Skyscraper in Columbus, Ohio

The LeVeque Tower is a 47-story skyscraper in Downtown Columbus, Ohio. At 555 ft 5 in it was the tallest building in the city from its completion in 1927 to 1974, and remains the second-tallest today.

Designed by C. Howard Crane, the 353,768 sqft Art Deco skyscraper was opened as the American Insurance Union Citadel in 1927 and at the time was the fifth tallest building in the world. Built at a cost of $8.7 million, the tower's design incorporates ornate ornamentation and a terracotta facade, and it was designed with 600 hotel rooms in two wings as well as an attached performance venue, the Palace Theatre.

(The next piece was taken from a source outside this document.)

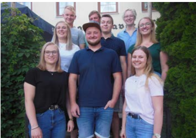
Die neu gewählte Vorstandschaft der Landjugend. (Bericht und Foto: Anneliese Angermeier)

Was steht an bei der Landjugend? Für den 2. Oktober ist das Weinfest an der Stockschützenhalle geplant, ebenfalls im Oktober wird in Steng ein Ackercross Rennen mit After Racing Party stattfinden, die Landjugend wird den Barbetrieb übernehmen. Mit einem Dank an die bisherige Vorstandschaft, verbunden mit dem Dank für die tatkräftige Unterstützung durch alle Landjugendmitglieder und den besten Wünschen für die neu gewählte Vorstandschaft endete die Versammlung mit einem gemeinsamen Abendessen.

After the American Insurance Union went bankrupt in the Great Depression, the tower was renamed the Lincoln-LeVeque Tower in 1946, and later the LeVeque Tower in 1977.

The tower's office space saw mixed success in attracting tenants during its early history, but it became home to a number of state agencies and law firms. As development of Downtown Columbus peaked beginning in the 1960s and several other high rise buildings were constructed, the tower faced increasing competition from other major office buildings and its vacancy rates rose. Over the course of its history, the tower changed hands several times before being sold to a group of real estate investors in 2011. The current owners subsequently converted it into a mixed-use development, including a hotel, apartments, condominiums, offices and a restaurant, which opened in 2017.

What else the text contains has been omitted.